— Required action —
Output only the lines of the entries that follow, starting at the one with "The day will" and running down to the one with "the dolman sleeve", both included and unchanged.

— Listed entries —
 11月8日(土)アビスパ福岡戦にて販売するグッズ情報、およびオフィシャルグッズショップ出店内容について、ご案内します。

---

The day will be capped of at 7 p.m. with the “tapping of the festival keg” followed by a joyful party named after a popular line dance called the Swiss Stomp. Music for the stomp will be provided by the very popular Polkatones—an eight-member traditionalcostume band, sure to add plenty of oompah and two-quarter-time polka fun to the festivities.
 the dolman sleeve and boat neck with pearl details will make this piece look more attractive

— Result of this exercise —
The day will be capped of at 7 p.m. with the “tapping of the festival keg” followed by a joyful party named after a popular line dance called the Swiss Stomp. Music for the stomp will be provided by the very popular Polkatones—an eight-member traditionalcostume band, sure to add plenty of oompah and two-quarter-time polka fun to the festivities.
 the dolman sleeve and boat neck with pearl details will make this piece look more attractive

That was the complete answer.